Prévention et dépistage des complications thrombo-emboliques.
Elles doivent faire partie de la prise en charge initiale.
Dépistage et prise en charge des facteurs de risque cardio-vasculaire.
Il y a une augmentation de la fréquence des complications cardio-vasculaires au cours des vascularites associées aux ANCA nécessitant un dépistage et une prise en charge des facteurs de risque cardio-vasculaire associés (61,62).
Autres points de surveillance et de prise en charge
Sous traitement, un certain nombre d’effets secondaires peuvent survenir : infectieux à court terme, malin à long terme avec la survenue de tumeurs vésicales sous cyclophosphamide, mais aussi de lymphomes et de tumeurs solides. La gravité de la maladie justifie cependant l’utilisation de traitements lourds.
La surveillance régulière cutanée est importante car les patients avec une GPA développent davantage de cancers non mélaniques que des contrôles, en lien avec l’exposition prolongée aux immunosuppresseurs (63). Leur fréquence pourrait être moindre en cas d’utilisation du rituximab (64).
CONCLUSION
La GPA reste une maladie sévère, chronique, volontiers récidivante. Toutefois, grâce à un traitement adapté et prolongé, son pronostic s’est amélioré et le taux de survie de la maladie atteint maintenant 88 % à 10 ans. Le rituximab a bouleversé la stratégie thérapeutique et son utilisation en traitement d’entretien devrait permettre de limiter le nombre de rechutes, qui restait à l’origine d’une morbidité conséquente. Un des problèmes thérapeutiques majeurs est lié à la survenue d’effets secondaires des traitements, dont la gravité et la fréquence sont souvent liées à une prolongation du traitement difficilement évitable.
A RETENIR
La granulomatose avec polyangéite (GPA) est une vascularite nécrosante associant une inflammation de la paroi vasculaire des vaisseaux de petit calibre et une granulomatose, péri- et extravasculaire.

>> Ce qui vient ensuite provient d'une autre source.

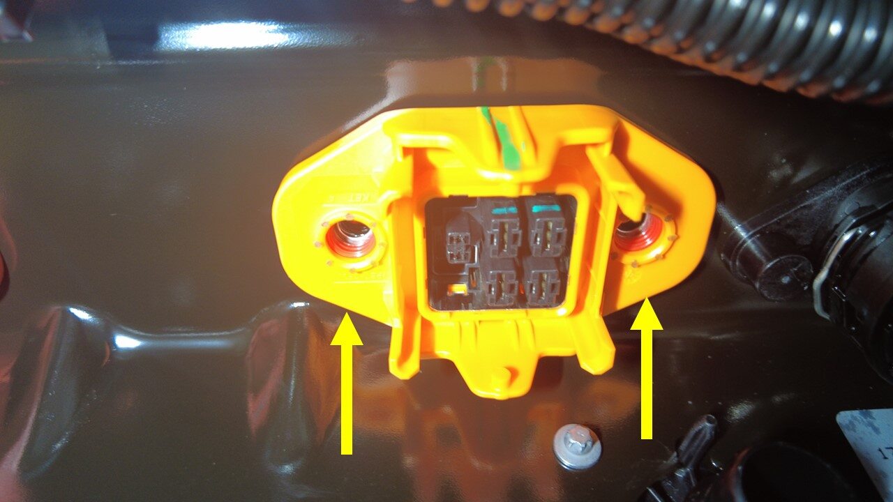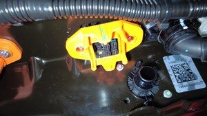 注使用塑料撬具确保引脚支架完全插入到高压接头中,并且未进入高压电池。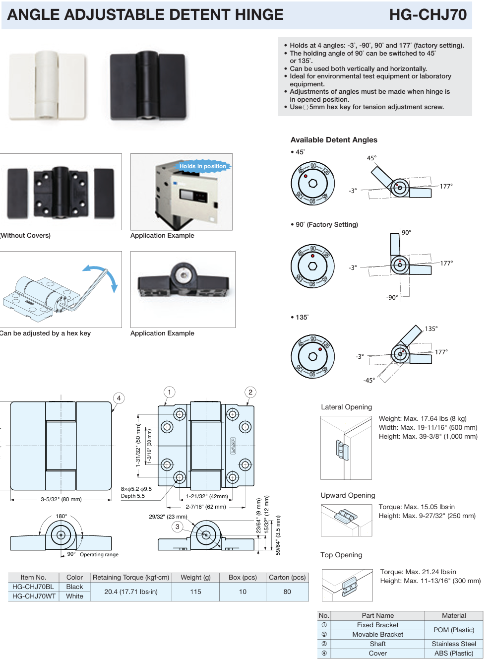 SUGATSUNE HG-CHJ70 ANGLE ADJUSTABLE DETENT HINGE Black or White

Sur le plan clinique, elle se caractérise dans sa forme complète par une triade constituée de signes ORL, pulmonaires et rénaux.

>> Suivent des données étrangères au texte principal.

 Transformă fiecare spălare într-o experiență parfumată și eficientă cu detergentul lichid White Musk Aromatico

La GPA s'accompagne de la présence d'ANCA, dans environ 90 % des formes diffuses et dans 50 % des formes localisées, qui sont dirigés contre la protéinase 3 (PR3) dans l’immense majorité des cas. Les ANCA PR3 sont très spécifiques de la GPA et ont donc une importante valeur diagnostique.
Le traitement d’induction de la GPA repose sur l'association de corticoïdes et de cyclophosphamide ou surtout de rituximab qui permet l’obtention de la rémission dans plus de 80 % des cas.
L’azathioprine était le traitement d’entretien classique. Des rechutes à distance survenaient dans plus de 50 % des cas. Le rituximab en entretien, à faible dose semestrielle, diminue davantage les rechutes avec une tolérance satisfaisante. Il a bouleversé la stratégie thérapeutique et sa généralisation en traitement d’entretien devrait permettre de limiter le nombre de rechutes, qui restait à l’origine d’une morbidité conséquente.
Un des problèmes thérapeutiques majeurs est lié à la survenue d’effets secondaires des traitements, dont la gravité et la fréquence sont souvent liées à une prolongation du traitement difficilement évitable.